Integrated clinic phase 2 expansion

This is the next capacity step after initial proof of commercial demand. It is used to model the build-out of additional clinical rooms, support functions, staff space, diagnostics or procedure throughput needed for higher annual patient volumes. In investor terms, phase 2 is not only a construction expansion; it is a scale investment that supports higher asset utilization and a larger share of patient lifetime value.

Service hotel / residence

This investment covers temporary accommodation for patients, companions and visiting physicians.

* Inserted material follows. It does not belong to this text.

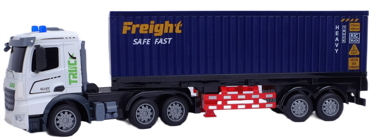 Pojazd ma biało-szarą kabinę z charakterystycznymi detalami, takimi jak grill na przodzie oraz niebieskie światła na dachu, które świecą jak tir jeździ czy odtwarza muzykę. Tir emituje dźwięki silnika i klaksonu. To świetna zabawa na długie godziny!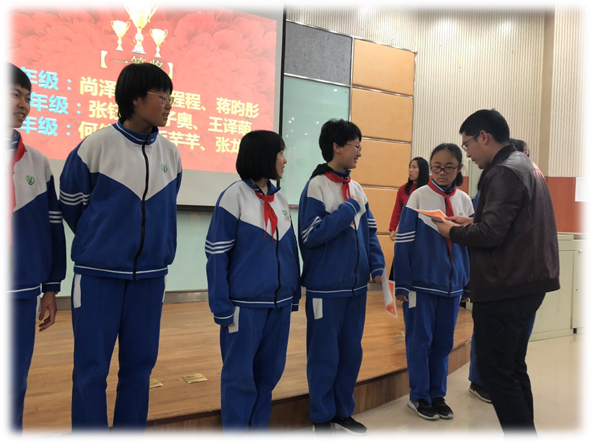狂欢活动的最后,全体观众对六个节目进行投票评选,再次回归到活动的主题:寻找你心中最美的那个“她”。最终,初三男生节目《生物圈中的其他生物》以压倒性优势成为大家心中的最美。在大家的热情要求下,此节目再次返场,将活动又一次推向高潮。最后,教务处邓立主任及全体生化教师为第一篇章及第二篇章活动中获奖的学生颁发了奖状及奖品,鼓励他们再接再厉,将来在生化领域有所建树。

It supports medical-tourism logistics, longer stays, better scheduling reliability, easier repeat dosing and a smoother overall patient experience. On a standalone basis it may look less attractive than the clinic, but as a linked asset it can materially improve conversion, adherence, occupancy planning and companion spend.

Tissue bank / cryostorage expansion

This line represents storage and handling infrastructure for donor tissue flows, cryogenic preservation, chain of custody and repeat-access biology. Its strategic importance is that it can support repeat dosing pathways, long-term patient relationships and better logistical readiness. It also strengthens the platform position for partners involved in tissue sourcing, storage and controlled release.

Research / data node

This is the evidence and learning layer. It includes anonymized data handling, outcome tracking, publication support, registry-building and protocol learning. It improves scientific credibility, partner confidence and long-term market education. It may not be the fastest standalone payback line, but it can raise trust, support compliant information campaigns and improve the quality of commercial conversations.

Patient acquisition platform

This is the market-facing B2B engine that brings qualified demand into the system. It can include country-specific acquisition partners, reputation operators, educational funnels, physician-referral development and pre-screening flow. In practice, it is one of the most important utilization drivers, because even the best clinic underperforms if qualified patients do not enter the funnel.

Concierge & medical-tourism platform

This layer converts interest into real arrivals. It covers travel planning, local transport, translation, temporary housing coordination, appointment synchronization and patient logistics before, during and after the visit. In commercial terms, this investment reduces show-up risk, lowers friction and helps international patients complete the treatment journey.